Curable mixtures comprising such particles, preferably contain them in an amount of about 75-95 wt %, more preferably about 80-95 wt %, even more preferably about 85-95 wt %, and most preferably about 90-95 wt %. The resin content in such curable mixtures is preferably about 5-25 wt %, more preferably about 5-20 wt %, even more preferably about 5-15 wt %, and most preferably about 5-10 wt %.

Examples of fibers are glass fibers, nylon fibers, polyester fibers, aramid fibers (e.g. Twaron®), carbon fibers, cellulose fibers (wood fiber, paper fiber, straw), and natural fibers (e.g. jute, kenaf, industrial hemp, flax (linen), ramie, bamboo, grass, reed, etc.). The most preferred fibers are glass fibers.

Curable mixtures comprising such fibers, preferably contain them in an amount of about 50-80 wt %, more preferably about 60-80 wt %, and most preferably about 65-75 wt %. The resin content in such curable mixtures is preferably about 20-50 wt %, more preferably about 20-40 wt %, and most preferably about 25-35 wt %.

In the context of the present application, the terms “unsaturated polyester resin” and “UP resin” refer to the combination of unsaturated polyester resin and ethylenically unsaturated monomeric compound. The term “vinyl ester resin” refers to a resin produced by the esterification of an epoxy resin with an unsaturated monocarboxylic acid, and dissolved in an ethylenically unsaturated monomeric compound. UP resins and vinyl ester resins as defined above are common practice and commercially available.

Suitable UP resins are so-called ortho-resins, iso-resins, iso-npg resins, and dicyclopentadiene (DCPD) resins.

Acrylate and methacrylate resins without an additional ethylenically unsaturated monomeric compound like styrene are referred to in this application as (meth)acrylate resins.

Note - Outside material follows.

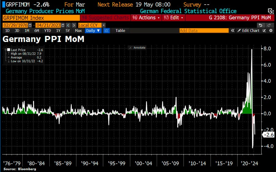 Si segnala inoltre il dato tedesco del mese di aprile sui prezzi alla produzione che riflette un progressivo raffreddamento di tale componente (-2,6% rispetto a -0,5% nel mese di marzo), come è possibile osservare dal grafico che segue.

Examples of ethylenically unsaturated monomeric compounds are: styrene and styrene derivatives like α-methyl styrene, vinyl toluene, indene, divinyl benzene, vinyl pyrrolidone, vinyl siloxane, vinyl caprolactam, stilbene, but also diallyl phthalate, dibenzylidene acetone, allyl benzene, methyl methacrylate, methylacrylate, (meth)acrylic acid, diacrylates, dimethacrylates, acrylamides; vinyl acetate, triallyl cyanurate, triallyl isocyanurate, allyl compounds which are used for optical application (such as (di)ethylene glycol diallyl carbonate), chlorostyrene, tert-butyl styrene, tert-butylacrylate, butanediol dimethacrylate and mixtures thereof. Suitable examples of (meth)acrylates reactive diluents are PEG200 di(meth)acrylate, 1,4-butanediol di(meth)acrylate, 1,3-butanediol di(meth)acrylate, 2,3-butanedioldi(meth)acrylate, 1,6-hexanediol di(meth)acrylate and its isomers, diethyleneglycol di(meth)acrylate, triethyleneglycol di(meth)acrylate, glycerol di(meth)acrylate, trimethylolpropane di(meth)acrylate, neopentyl glycol di(meth)acrylate, dipropyleneglycol di(meth)acrylate, tripropyleneglycol di(meth)acrylate, PPG250 di(meth)acrylate, tricyclodecane dimethylol di(meth)acrylate, 1,10-decanediol di(meth)acrylate, tetraethylene glycol di(meth)acrylate, trimethylolpropanetri(meth)acrylate, glycidyl (meth)acrylate, (bis)maleimides, (bis)citraconimides, (bis)itaconimides, and mixtures thereof.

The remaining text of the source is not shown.